Licensed under the Creative Commons attribution-noncommercial license, http://creativecommons.org/licenses/by-nc/3.0/. Please share and remix noncommercially, mentioning its origin.
CC-BY_NC

Produced in R version 3.2.3.


Objectives

  1. To review some basic ideas in Monte Carlo computation and simulating random variables.

  2. To provide a basic introduction to the Monte Carlo approach, and the generation of simulated random variables, for those who haven’t seen it before.




Our context: Monte Carlo methods for POMP models.
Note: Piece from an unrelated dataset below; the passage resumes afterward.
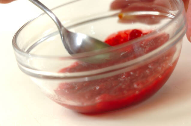 <梅肉ダレ>の梅干しは種を取り除き、ペースト状になるまで包丁で叩き、他の<梅肉ダレ>の材料と混ぜ合わせる。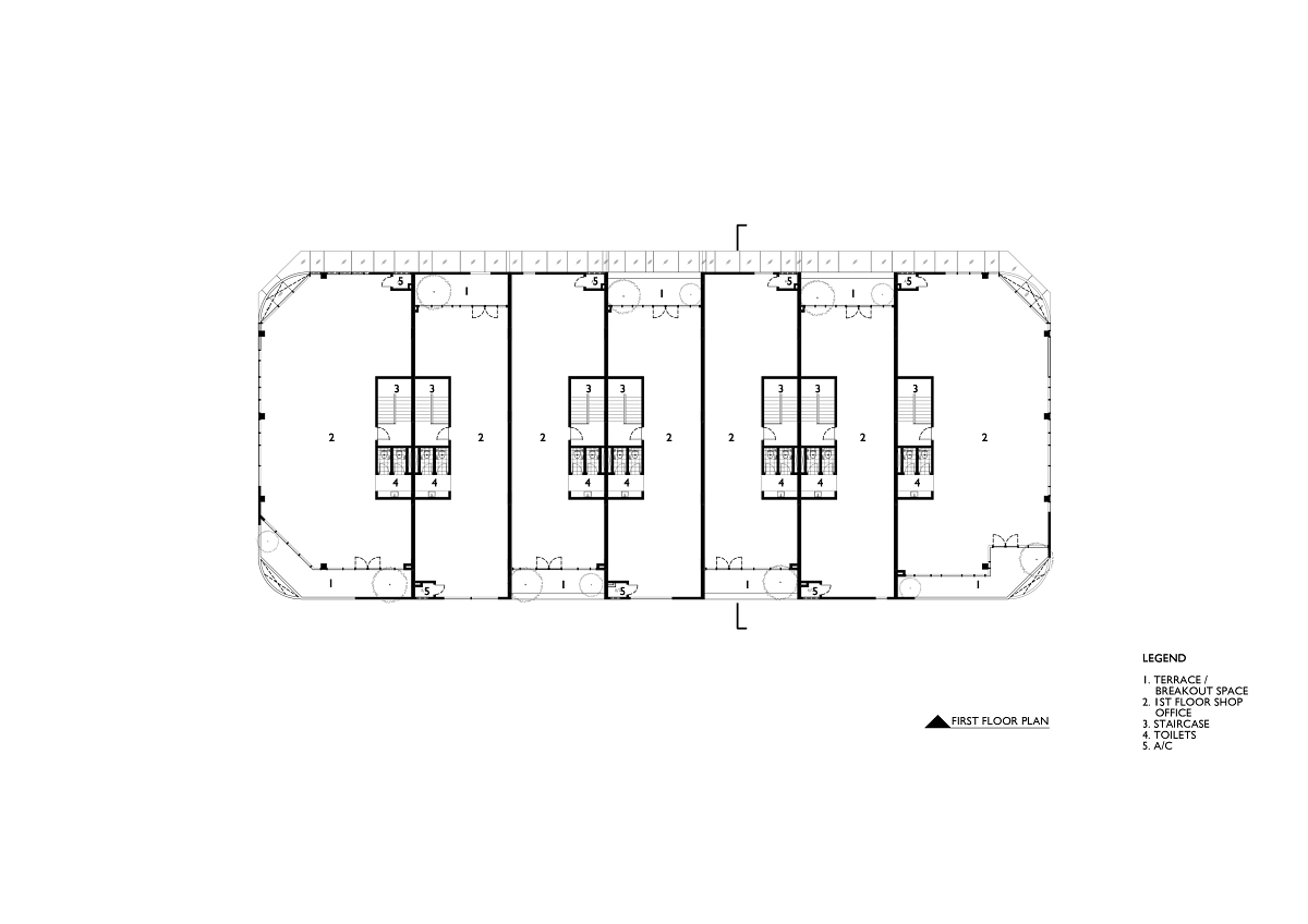 One of the most important features of the two-storey shop is the creation of an outdoor terrace on the first floor.They appear at the front and rear façade alternately between adjacent units.The space is a social gathering space for office tenants, a coffee break area with a great view into the centre of the Uno commercial plaza.

Let’s consider a general POMP model. As before, let \({y_{1:N}^*}\) be the data, and let the model consist of a latent process \(X_{0:N}\) and an observable process \(Y_{1:N}\). Then the likelihood function is \[\begin{eqnarray} {\mathscr{L}}(\theta) &=& f_{Y_{1:N}}({y_{1:N}^*}{\, ; \,}\theta) \\ &=&\int_{x_0}\cdots\int_{x_N}\! f_{X_0}(x_0{\, ; \,}\theta)\prod_{n=1}^{N}\!f_{Y_n|X_n}({y_n^*}{{\, | \,}}x_n{\, ; \,}\theta)\, f_{X_n|X_{n-1}}(x_n|x_{n-1}{\, ; \,}\theta)\, dx_0\dots dx_N. \end{eqnarray}\] i.e., computation of the likelihood requires integrating (or summing, for a discrete model) over all possible values of the unobserved latent process at each time point. This is very hard to do, in general.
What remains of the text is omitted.